Как известно, улица современного города подстерегает каждое желание наше, спеша удовлетворить его всегда кстати подвернувшейся вывеской или витриной. Я совершенно уверен, что человек, проходя фруктовыми рядами Голландской Биржи и почувствовавший нужду в каком-нибудь геодезическом инструменте, непременно увидит инструмент этот в окне невесть откуда взявшегося специального магазина.
Вино караулит нас в самых, казалось бы, для того неприспособленных местах. Что может быть вину убыточнее глухого угла между стеной Географического Института и Бульвара Секретов, где даже днем так густы тени огромных деревьев, что вся стена пахнет прохладой и сыростью; там почти нет эпилептического уличного движения, брызги которого разлетаются по бесчисленным ресторанам, звеня золотом и посудой. Однако, огибая этот угол, я увидел небольшую каменную пристройку, которой либо не было ранее, либо я не замечал ее. Эта пристройка, на два окна со стеклянной дверью меж ними, была маленьким рестораном, окруженным трельяжем, и я сел за стол у двери в качалку.
Здесь было немного посетителей. Смотря через окно в помещение, я увидел двух толстяков, играющих в домино, дремлющего, протянув ноги, пароходного механика с опущенной со стола кистью руки, в которой еле дымилась готовая упасть папироска, и трех закинувших нога на ногу женщин; они курили, забрасывая лицо вверх и выпуская дым медленными, однообразными кольцами.
Лакей подал ликер. Это был особенный травяной экстракт, очень крепкий. Я выпил две рюмки, выпил, помедлив и отставив графин, третью.
Действие не замедлило сказаться. Я ощутил ровную теплоту и точный ритм момента, быть может, определяемый скоростью биения сердца, может быть — пульсом внимания, интервалами его плавно набегающей остроты; мышление протекало интенсивно и бодро. Выпив, я рассмеялся над своим недавним волнением, прислушиваясь к свистящему по временам шелесту шин, с ясным сознанием, что меж мной и серым 77–7 не может возникнуть никакой связи, что ее нет. Уравновешенно остер и точен был я в тот момент в каждом отчетливом впечатлении своем — состояние, дающее ни с чем не сравнимое удовольствие, и я пользовался этой минутой, чтобы обдумать некоторые моменты моего изобретения.

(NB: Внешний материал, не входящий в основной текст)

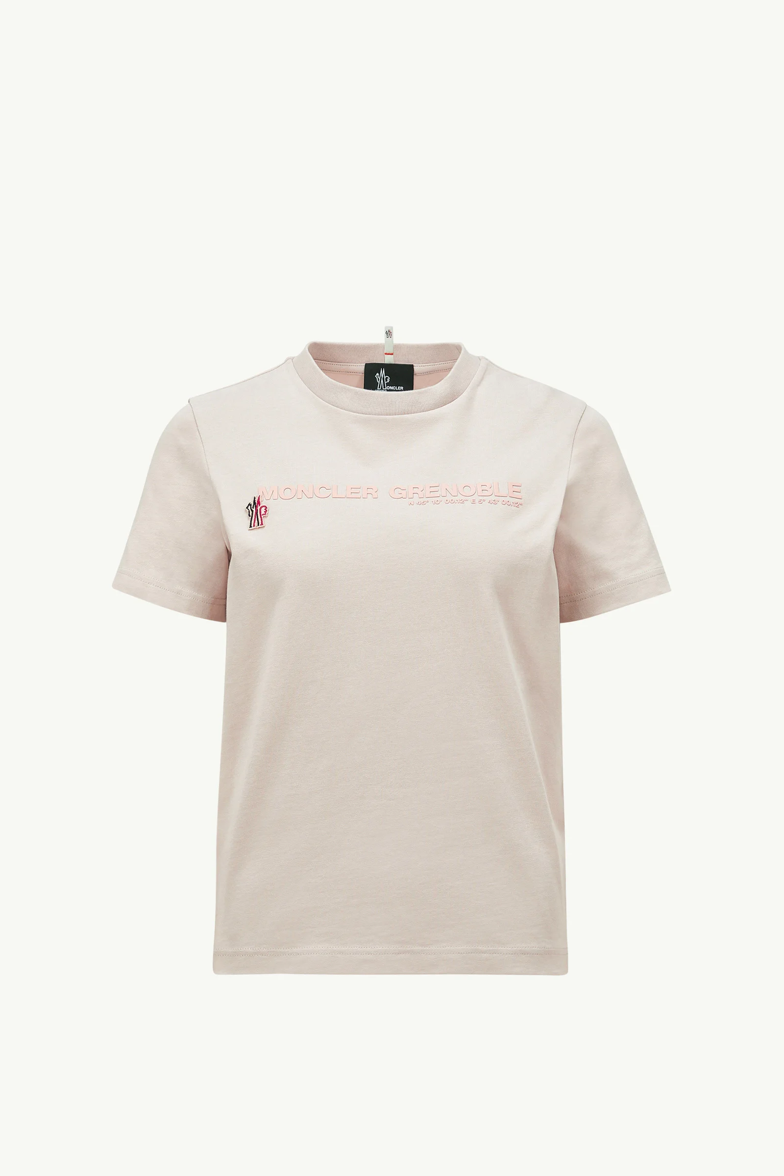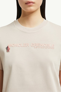 A women's Moncler Grenoble design, this short sleeve t-shirt captures the collection's adventurous spirit with a logo motif. Effortlessly adapting to the city or the mountain, this short sleeve t-shirt is crafted from soft cotton. Drawing from brand heritage, the crew neck is embellished with a subtle logo design that features the coordinates of the city of Grenoble. DETAILS - Crafted from cotton jersey - Crew neck - Short sleeves - Embossed and printed logo motif - Logo patch SIZE AND FIT - The model is wearing a size S and is 177 cm tall - Regular fit COMPOSITION BASE FABRIC: 100% Cotton; Ribs: 100% Cotton Product code K10988C000088392750W Made in Turkey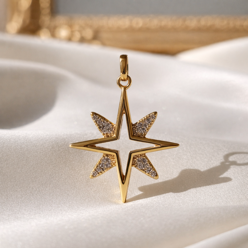 O Pingente Rosa dos Ventos representa mais do que um detalhe de estilo – ele simboliza direção, coragem e a liberdade de seguir o próprio caminho. Com design sofisticado e banho de ouro de alta qualidade, sua forma clássica remete à bússola que orienta navegadores há séculos, marcando o ponto de partida para grandes jornadas.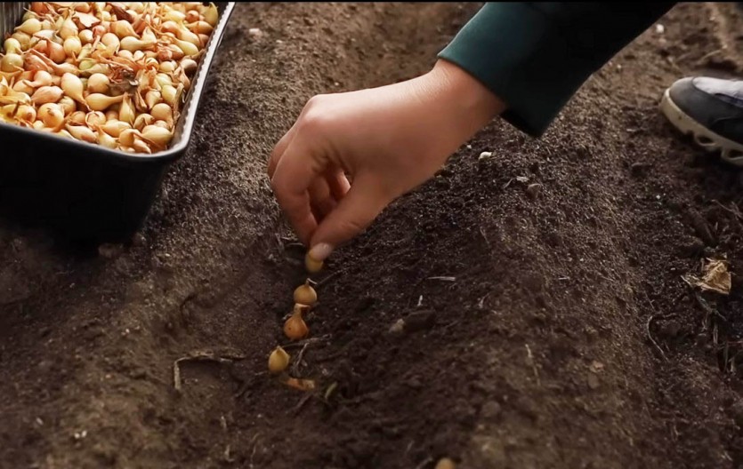 В грядке делают борозды, оставляя 20–30 см между ними. Саженцы располагают в бороздах с интервалом 8–10 см, луковички заглубляют на 2 см, междурядья поливают и мульчируют. Землю под посадками на протяжении первой недели поддерживают во влажном состоянии, проводя периодические поливы. Дальнейший уход ничем не отличается от привычного ухода за луком, выращенным из севка.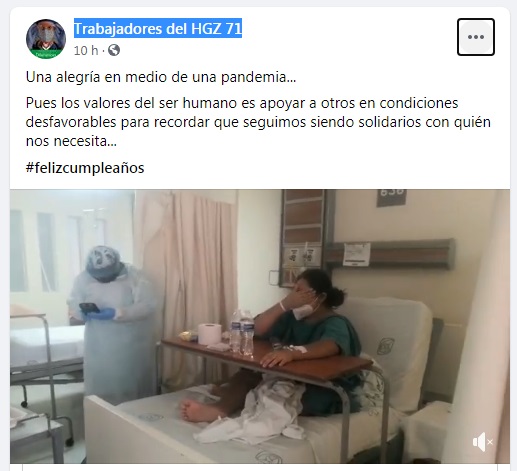 El acto de amor hacia la paciente fue compartido a través de las redes sociales por los trabajadores del IMSS acompañado del siguiente texto: “Esta tarde una paciente celebró su cumpleaños de una forma diferente, pero con el más sincero amor y satisfacción por parte del personal, quienes llevaron pastel a la cumpleañera, al mismo tiempo que le cantaban ´las mañanitas’”.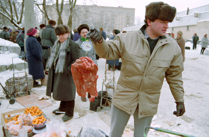 Фермер из Украины продает мясо на одной из московских улиц. 19 января 1994 год.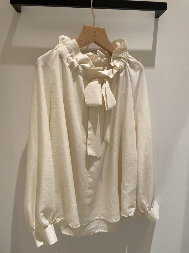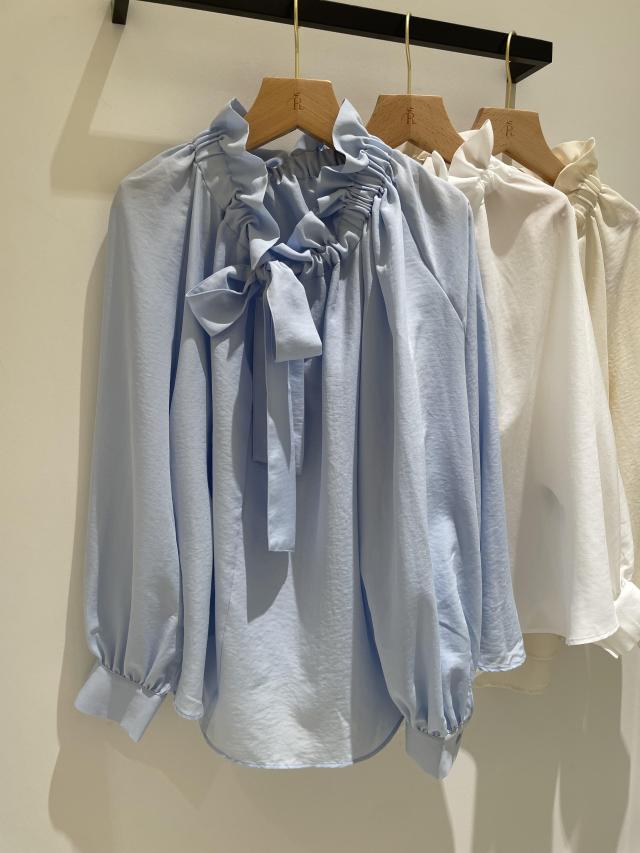 襟周りのフリルが素敵で、ボウタイも付いているので、リボンなど整えれば一枚着としてもお使いいただけます。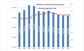 The number of newly concluded training contracts is not the only aspect which is central to educational policy evaluation. Development of the overall system of vocational training including the transitional area and the higher education sector also needs to be considered. This is something which the Integrated Training Reporting System is able to ensure.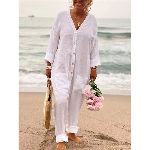 Per donna Normale Tuta Attivo Tinta unica Manica Lunga Gamba larga Scollo a V Tasca Bottoni Quotidiano Vacanza Vestibilità comoda Bianco Estate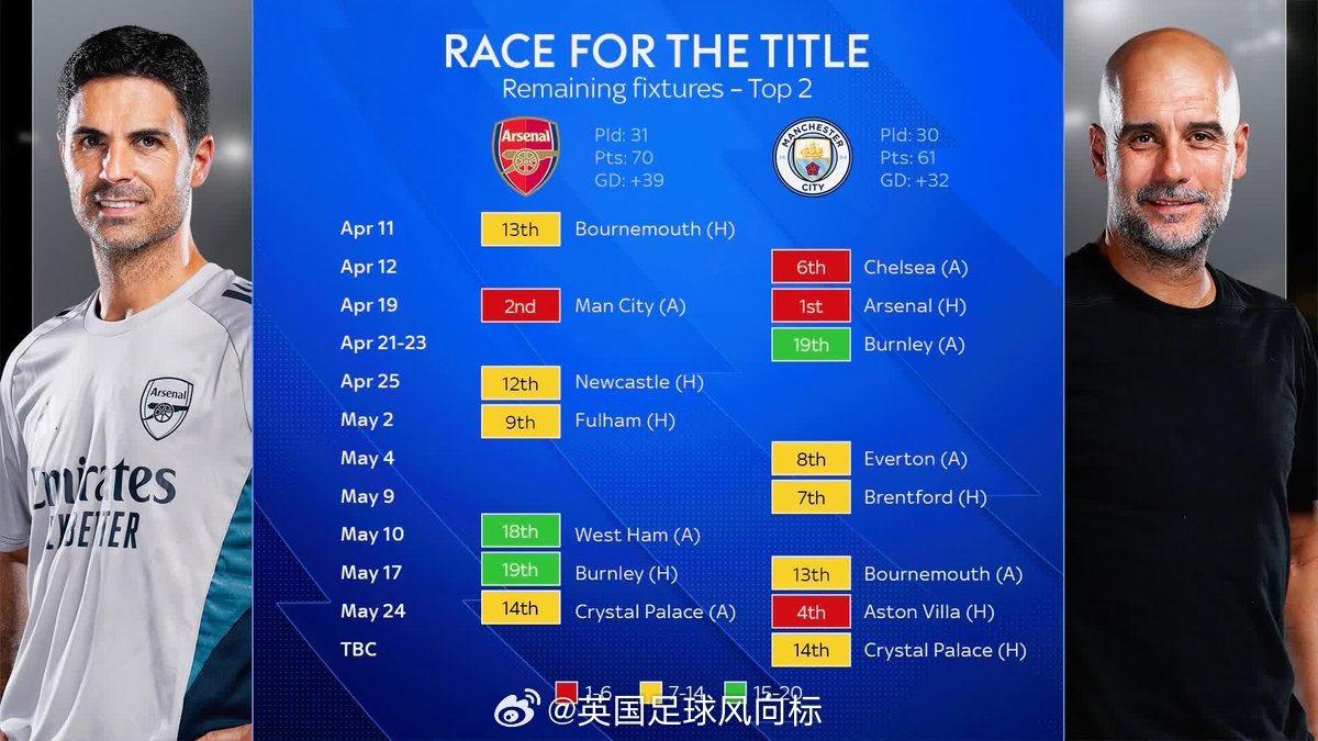 【阿森纳曼城争冠赛程对比】接连在联赛杯和足总杯遭遇挫折的阿森纳,本赛季的夺冠希望已经全部压在英超联赛上面,他们最后7场联赛的赛程(日期、对手排名、主客场等等)。曼城虽然近期走势强劲,但是他们最后8场比赛的困难度,应该比阿森纳更艰苦。

Коррида Эль-Бассо, женщина неизвестной национальности — я говорю это смело, так как имею для того веские основания, — была заинтересована моим изобретением из вежливости. От меня зависело превратить эту форму чувства, эту пустую приятную улыбку, вызванную хорошим пищеварением, в чувство, быть может, в страсть. На это я не терял надежды. Но я должен был поразить и тронуть ее сразу, врасплох, может быть, в такую минуту, когда мое присутствие ею будет только терпимо. Когда наступит момент, изобретение — или вернее, то о чем она думает, как об изобретении — встретит ее всем блеском и обдуманностью крайней, болезненной, всеохватывающей решимости, — оно вызовет глубокое и яркое возрождение. Тем лучше. Тогда я узнаю истинную природу женщины Корриды Эль-Бассо, которую полюбил. Я увижу, есть ли другой оттенок в ее лице цвета желтого мела. Я услышу, как звучит ее голос, говоря «ты». И я почувствую силу ее руки, — ту особенную женскую силу, которая, переходя теплом и молчанием в наши руки, так электрически замедляет дыхание.